What you return should match the material below line for line, except that no image appears in it.

*Stored data*:
[Start of Attachment]

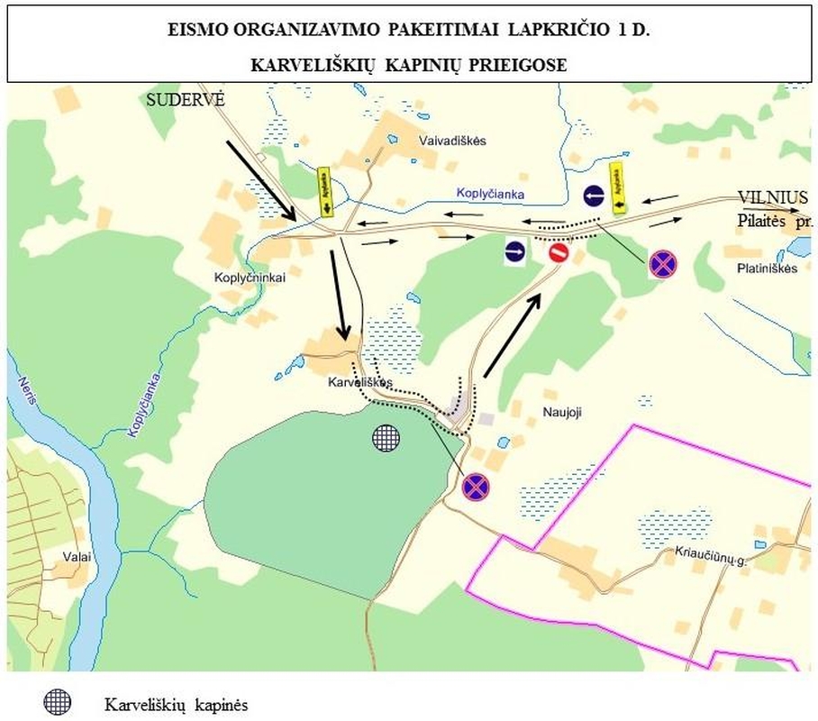 Eismo organizavimas lapkričio 1 dieną keisis ir Karveliškių kapinių prieigose. Vykstantys savo transportu į Karveliškių kapines per Pilaitės rajoną galės privažiuoti prie kapinių ne pagrindiniu, bet aplinkiniu keliu, esančiu už 1 km nuo pagrindinio įvažiavimo, važiuojant link Sudervės. Į Karveliškių kapines rekomenduojama įvažiuoti iš Vilniaus rajono savivaldybės Sudervės seniūnijos pusės. Šias kapines galima pasiekti ir palikus savo automobilį Žvėryno žiede esančioje „Statyk ir važiuok“ aikštelėje bei įsėdus į 63-iojo maršruto autobusą.
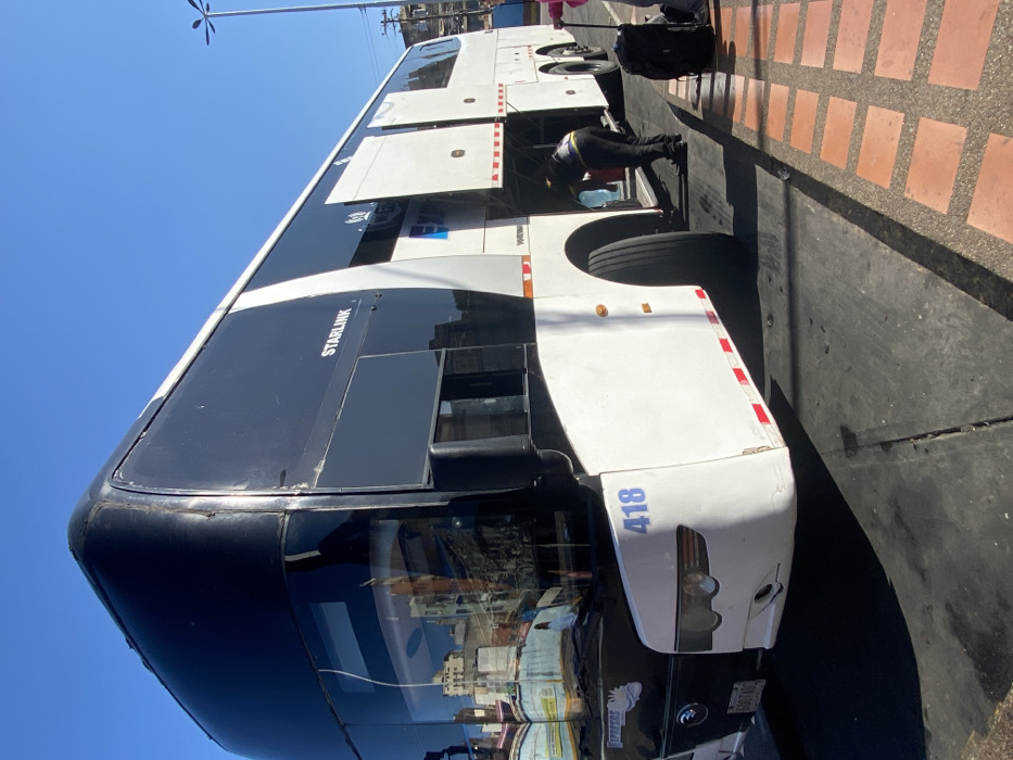 A large Starlink bus, numbered 418, is parked on a street with luggage loaded
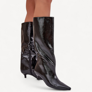 Deze dameslaarzen van eco-leer combineren stijl met draagcomfort. Instapmodel met rits, gevoerde binnenkant, puntige neus en lage hak maken ze perfect voor zowel casual jeans als elegante jurken of rokken.
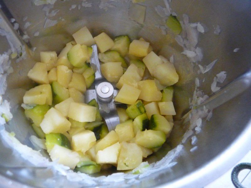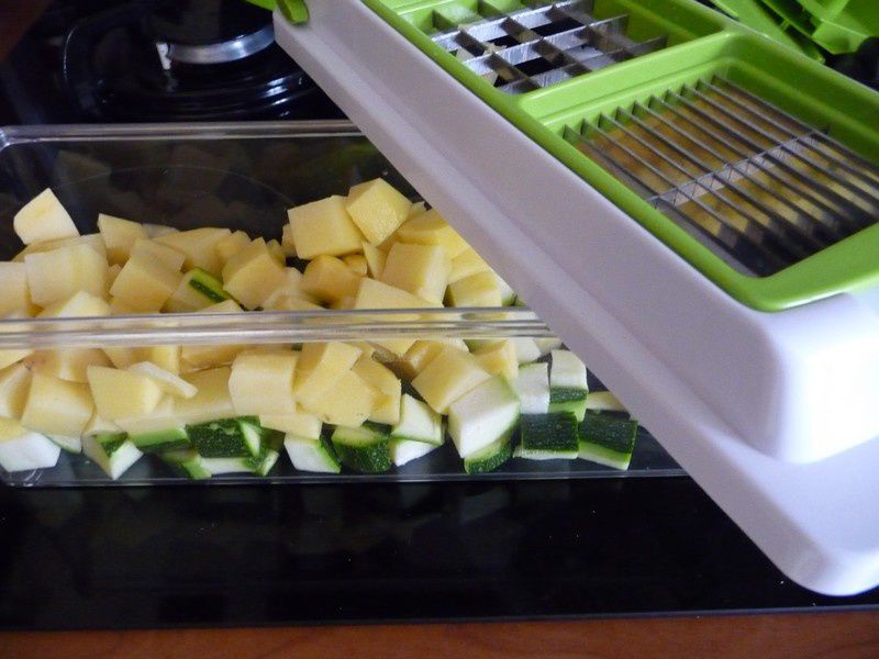 - Laver la courgette. Éplucher la pomme-de-terre et les découper en cubes. J’utilise un taille légumes

[End of Attachment]

*Exercise solution*:
 Eismo organizavimas lapkričio 1 dieną keisis ir Karveliškių kapinių prieigose. Vykstantys savo transportu į Karveliškių kapines per Pilaitės rajoną galės privažiuoti prie kapinių ne pagrindiniu, bet aplinkiniu keliu, esančiu už 1 km nuo pagrindinio įvažiavimo, važiuojant link Sudervės. Į Karveliškių kapines rekomenduojama įvažiuoti iš Vilniaus rajono savivaldybės Sudervės seniūnijos pusės. Šias kapines galima pasiekti ir palikus savo automobilį Žvėryno žiede esančioje „Statyk ir važiuok“ aikštelėje bei įsėdus į 63-iojo maršruto autobusą.
 A large Starlink bus, numbered 418, is parked on a street with luggage loaded
 Deze dameslaarzen van eco-leer combineren stijl met draagcomfort. Instapmodel met rits, gevoerde binnenkant, puntige neus en lage hak maken ze perfect voor zowel casual jeans als elegante jurken of rokken.
 - Laver la courgette. Éplucher la pomme-de-terre et les découper en cubes. J’utilise un taille légumes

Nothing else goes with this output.